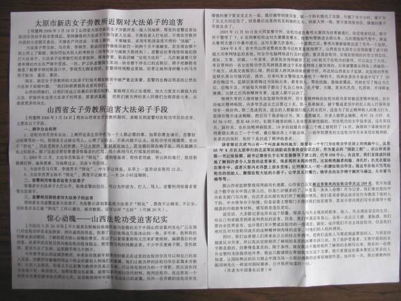 ![]() 放在人代会会场的真相传单《太原市新店女子劳教所近期对大法弟子的迫害》、《山西省女子劳教所迫害大法弟子手段》、《惊心动魄――山西法轮功受迫害纪实》 |
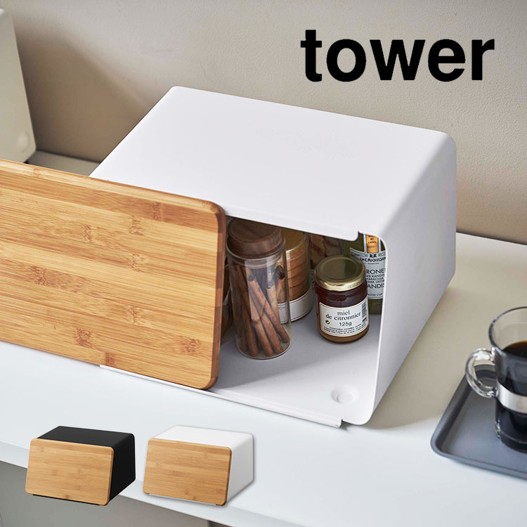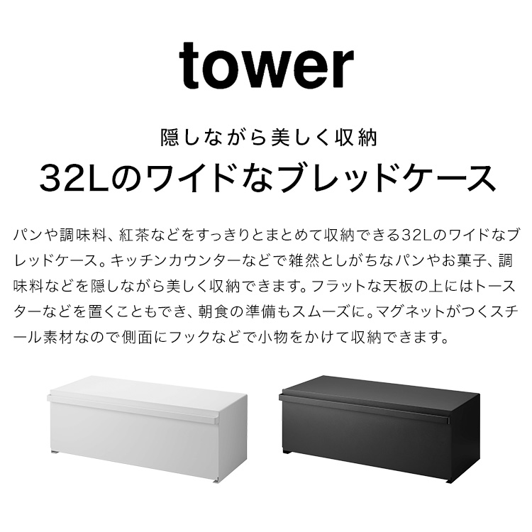 ブレッドケース ワイド タワー 山崎実業 3022 3023 tower パンケース パン入れ 調味料入れ 保存 大容量 ラック 棚 ボックス シンプル おしゃれ 無地 白 黒
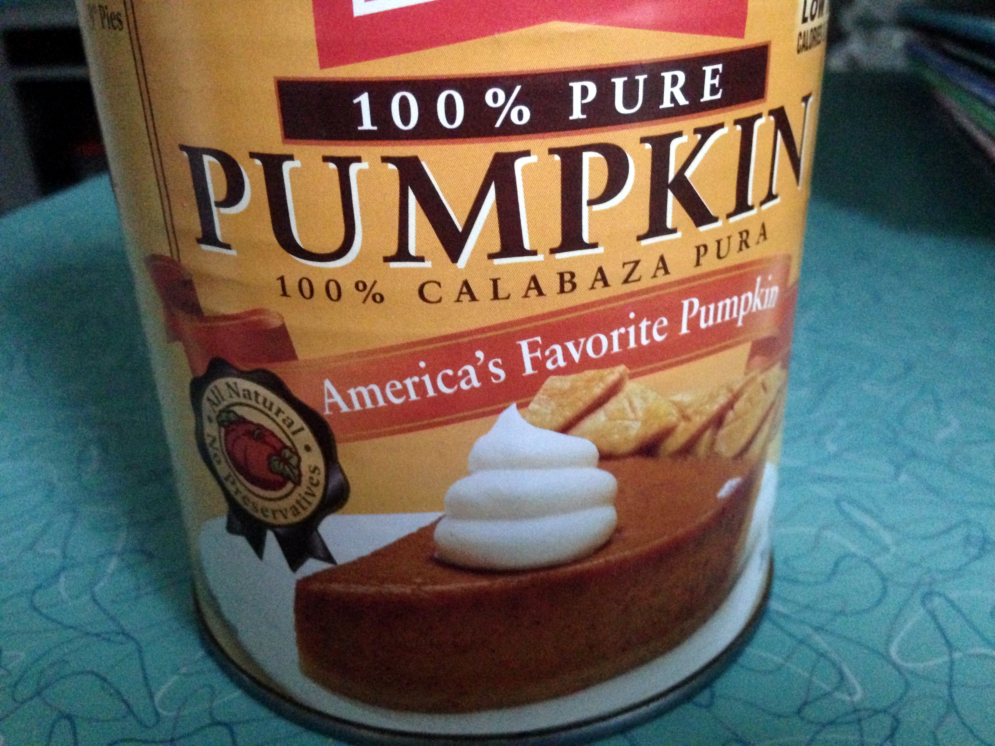 (Optional) 1/2 to 3/4 cup 100% pure PUMPKIN (NOT pumpkin pie mix, which is full of sugar and other stuff)
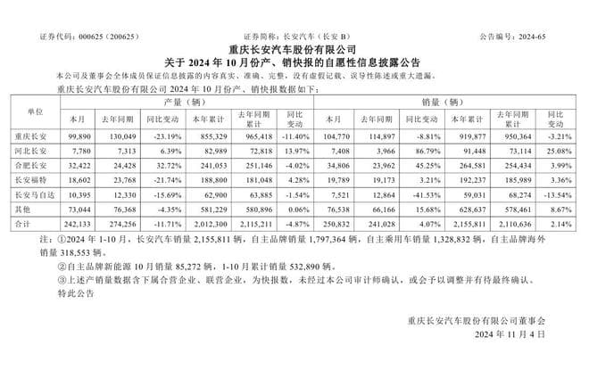 公告显示,2024 年 1-10 月,长安汽车销量 2,155,811 辆,自主品牌销量 1,797,364 辆,自主乘用车销量 1,328,832 辆,自主品牌海外销量 318,553 辆。

WHAT YOU WILL DO:
Would you repeat the material exactly, keeping out any pictures?

EXERCISE RESPONSE:
 ![]() 放在人代会会场的真相传单《太原市新店女子劳教所近期对大法弟子的迫害》、《山西省女子劳教所迫害大法弟子手段》、《惊心动魄――山西法轮功受迫害纪实》 |
 ブレッドケース ワイド タワー 山崎実業 3022 3023 tower パンケース パン入れ 調味料入れ 保存 大容量 ラック 棚 ボックス シンプル おしゃれ 無地 白 黒
 (Optional) 1/2 to 3/4 cup 100% pure PUMPKIN (NOT pumpkin pie mix, which is full of sugar and other stuff)
 公告显示,2024 年 1-10 月,长安汽车销量 2,155,811 辆,自主品牌销量 1,797,364 辆,自主乘用车销量 1,328,832 辆,自主品牌海外销量 318,553 辆。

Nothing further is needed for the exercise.